Un papa di tutti, per una Chiesa plurale

Francesco propone un modello di Chiesa dinamico e “poliedrico”, spigoloso, ricco delle sue diversità, con tensioni di cui non si deve avere paura, ma che sono piuttosto occasione di continua crescita
Raduno Harley Davidson a san Pietro per papa Francesco

Due anni di pontificato sono bastati a papa Francesco per proporre una nuova immagine di Chiesa. Da un diffuso rifiuto nei riguardi di essa, si è passati ad un inatteso interesse, ad una pregiudiziale positiva. È sicuramente frutto delle sue parole e dei suoi gesti, della vicinanza alla gente, del rifiuto di ogni apparato barocco, della palese sincerità dell’agire, della trasparenza nelle scelte. Ma anche del recupero della categoria biblica di “popolo di Dio”: una Chiesa dove c’è posto per tutti.

Un popolo che procede a volte in maniera un po’ disordinata e caotica, portandosi dietro feriti e persone deboli, ma pur sempre popolo di Dio. Era stata la definizione privilegiata del Concilio Vaticano II, eppure dopo pochi anni venne volutamente emarginata dalla riflessione teologica (con le conseguenti ricadute nella pastorale), perché ritenuta troppo sociologia: si prestava a fraintendimenti, soprattutto nell’America Latina. E proprio dall’America Latina papa Bergoglio se la porta con sé a Roma e la ripropone a tutti. Nell’Evangelii gaudium l’ha ripetuto a chiare lettere: «Tutto il popolo di Dio annuncia il Vangelo», è «Un popolo dai molti volti», dove «tutti siamo discepoli missionari».

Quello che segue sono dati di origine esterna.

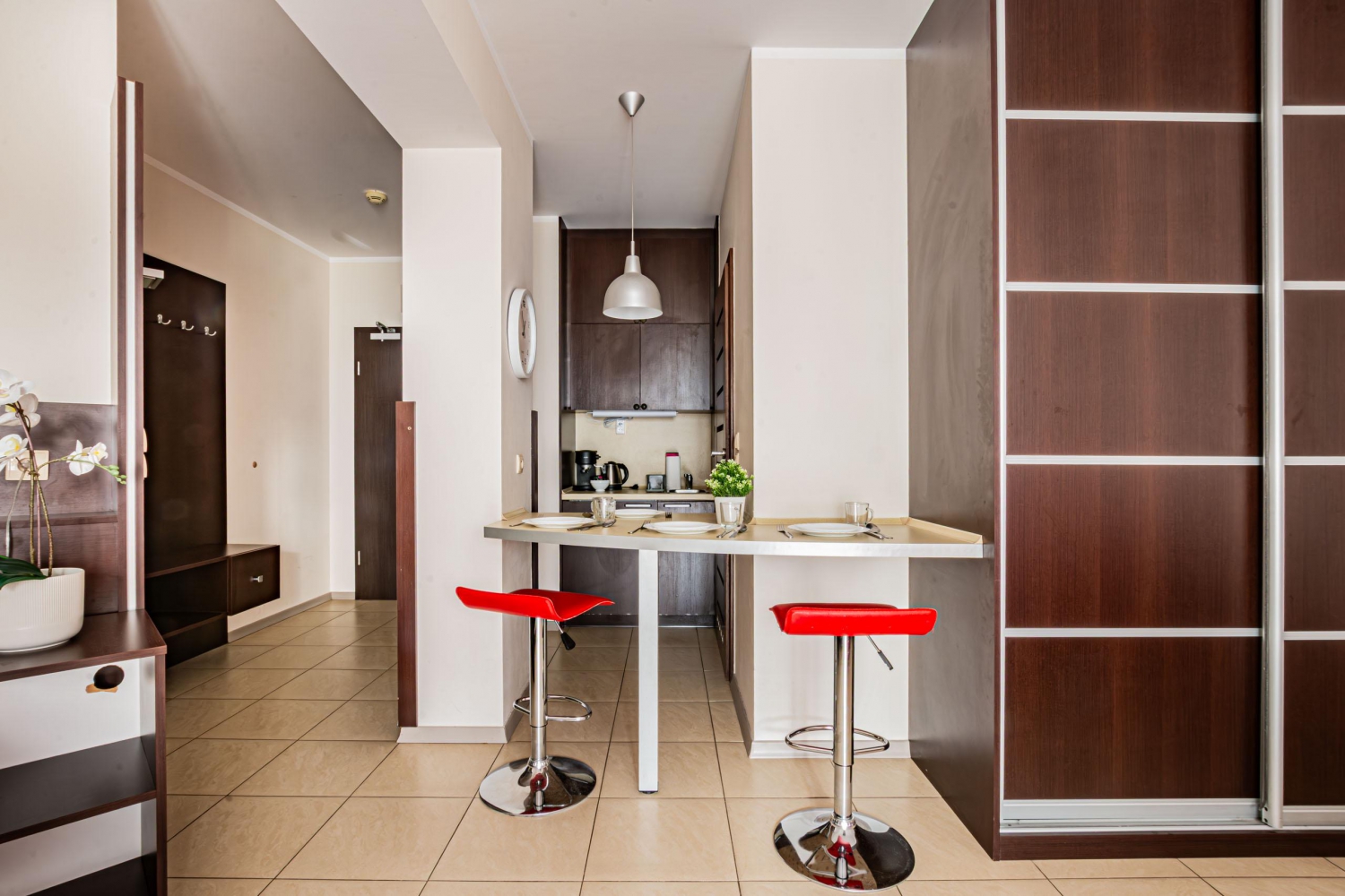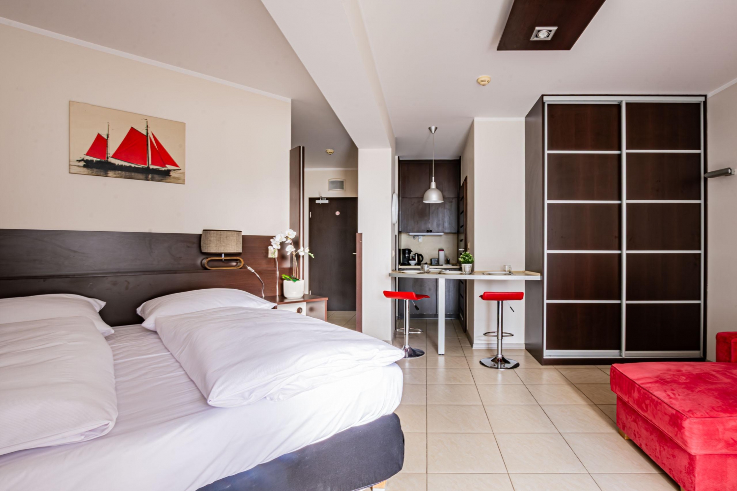 W apartamencie znajduje się doskonale wyposażony aneks kuchenny przystosowany do przygotowywania codziennych posiłków. Do dyspozycji Gości jest sprzęt AGD, m.in. lodówka, czajnik elektryczny, płyta grzewcza oraz ekspres do kawy, a także komplet naczyń, sztućce, akcesoria kuchenne, szklanki i kieliszki do wina. Znaleźć tu można wszystko, co niezbędne, by samodzielnie przygotowywać posiłki i cieszyć się wspólnymi chwilami w gronie rodziny lub znajomych.

A papa Francesco non piace un modello di Chiesa irreggimentata, statica, “sferica”. Il modello che propone è dinamico e “poliedrico”, spigoloso, ricco delle sue diversità, con tensioni di cui non si deve avere paura, ma che sono piuttosto occasione di continua crescita. Il 1° novembre dello scorso anno, parlando alla Catholic Fraternity of Charismatic Covenant Communities and Fellowships, raggruppamento di associazioni carismatiche prevalentemente cattoliche, ha affermato con coraggio: «L’uniformità non è cattolica, non è cristiana. (…) L’unità non è uniformità, non è fare obbligatoriamente tutto insieme, né pensare allo stesso modo, neppure perdere l’identità. Unità nella diversità è precisamente il contrario, è riconoscere e accettare con gioia i diversi doni che lo Spirito Santo dà ad ognuno e metterli al servizio di tutti nella Chiesa».

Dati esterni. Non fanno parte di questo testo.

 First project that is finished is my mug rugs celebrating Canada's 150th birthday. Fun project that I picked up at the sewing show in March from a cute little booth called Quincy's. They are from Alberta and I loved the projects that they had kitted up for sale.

Per questo è diventato da subito il papa di tutti: da qualsiasi parte uno sia schierato sente che papa Francesco lo raggiuge lì dove è, senza giudicarlo, con quella misericordia e tenerezza di cui si è fatto ambasciatore, perché «unità è saper ascoltare, accettare le differenze, avere la libertà di pensare diversamente e manifestarlo! Con tutto il rispetto per l’altro che è il mio fratello». Vale per sé quello che propone a tutti: «Non abbiate paura delle differenze!».  

In una parola: «siamo tutti figli di Dio, e tutti amati in modo unico. (…) Questa è la Chiesa!» (1 ottobre 2014).